Haworthia rossouwii Poelln.
Haworthia chloracantha var. serrata, Haworthia rossouwii var. rossouwii, Haworthia rossouwii var. serrata, Haworthia serrata
This species is native to South Africa (found in Napier in the Overberg region, Western Cape).
Haworthia rossouwii, formerly known as Haworthia serrata, is a small succulent that forms stemless rosettes of pale green to yellowish-green leaves with translucent lines above and spines along margins and keels. The rosettes are up to 2.8 inches (7 cm) in diameter, solitary, or slowly proliferating from the base to form small groups. Leaves are erect to spreading and taper gradually from a broad base to a point.

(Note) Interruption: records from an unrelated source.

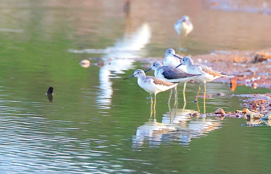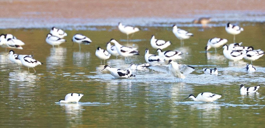 40來(lái)只黑臉琵鷺成一字隊(duì)形排開(kāi),200多只長(zhǎng)腳反嘴鷸結(jié)隊(duì)向前推進(jìn),20多只琵嘴鴨、白鷺、灰鷺穿插群中,在惠城區(qū)三棟鎮(zhèn)西枝江畔一個(gè)水塘里共享饕餮盛宴。
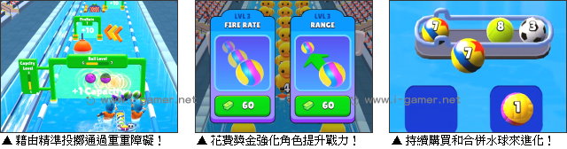 每次成功晉級,玩家都可以獲得一筆獎金,除了用來購買及合成同級水球提升火力,也能升級主角本身,讓他獲得全方面的進化!另外,除了基本的閘門玩法,部分關卡還會出現限時破門挑戰,玩家得在指定秒數內狂丟水球,越過守門員的阻擋,來取得額外分數喔!準備好一路合成、一路砸爆障礙,登上真正的水球王寶座了嗎?
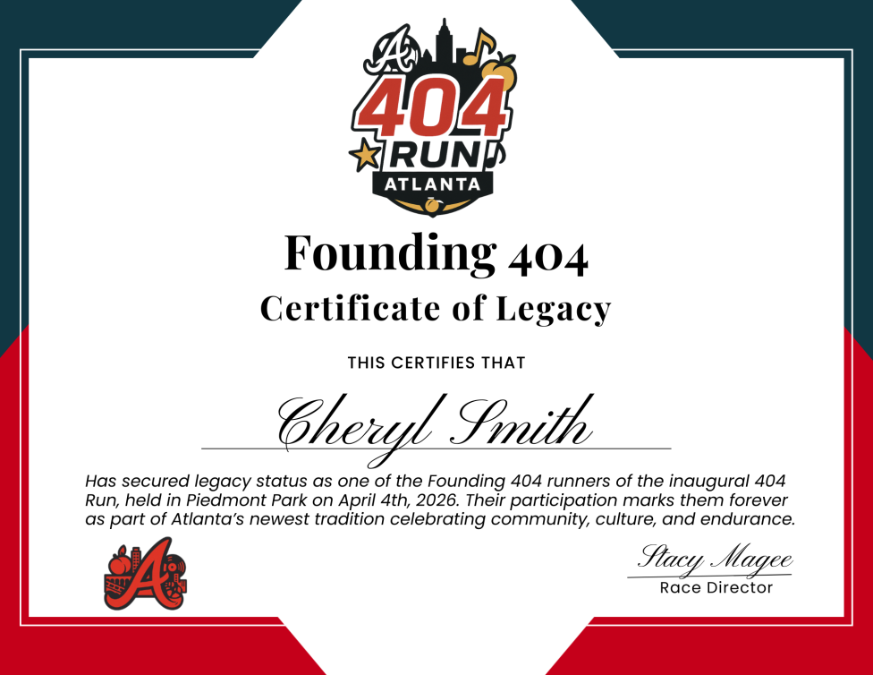 The 404 Run is Atlanta’s newest signature running event, created to honor the city’s unique culture, community, and area code (4.04 miles). This inaugural run will be on 404 Day, Saturday April 4, 2026. The event blends fitness, pride, and celebration into an unforgettable one-of-a-kind experience. This will be a fast course that will lead runners on an electrifying journey through some of the most beautiful and iconic areas of the city. Culminating in a celebration that only Atlanta can pull off. The 404 Run isn’t just a race — it’s Atlanta on display.
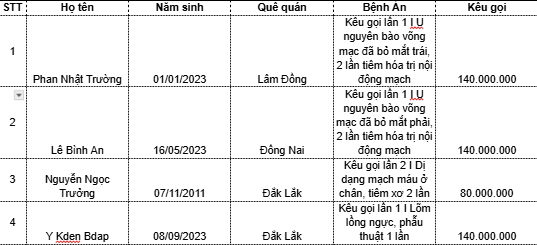 Kêu gọi lần 1 I U nguyên bào võng mạc đã bỏ mắt trái, 2 lần tiêm hóa trị nội động mạch |

They are up to 2.4 inches (6 cm) long and up to 0.4 inches (1 cm) wide. Flowers are white with green to greenish-brown venation and appear in winter on a slender stem.
This species is often confused with the more pale and slender varieties of Haworthia mirabilis. Some authors considered H. rossouwii as synonymous with Haworthia mirabilis var. triebneriana.
The specific epithet "rossouwii" honors Mr. Rossouw, a policeman in Napier and one of the first collectors of this species.
How to Grow and Care for Haworthia rossouwii
Light: Although some species can grow in full sun, most Haworthias are adapted to thrive in partial shade. Place the potted H. rossouwii in a bright area with some protection from the hottest rays of the day.
Soil: All Haworthias do not like their roots to remain wet for prolonged periods, so their potting soil should be well-drained. Use a commercial succulent potting mix or make your own.
Hardiness: Haworthias like warmer temperatures in the summer but cool in the winter. However, they do not like being too cold. H. rossouwii can withstand temperatures as low as 30 to 50 °F (-1.1 to 10 °C), USDA hardiness zones 10a to 11b.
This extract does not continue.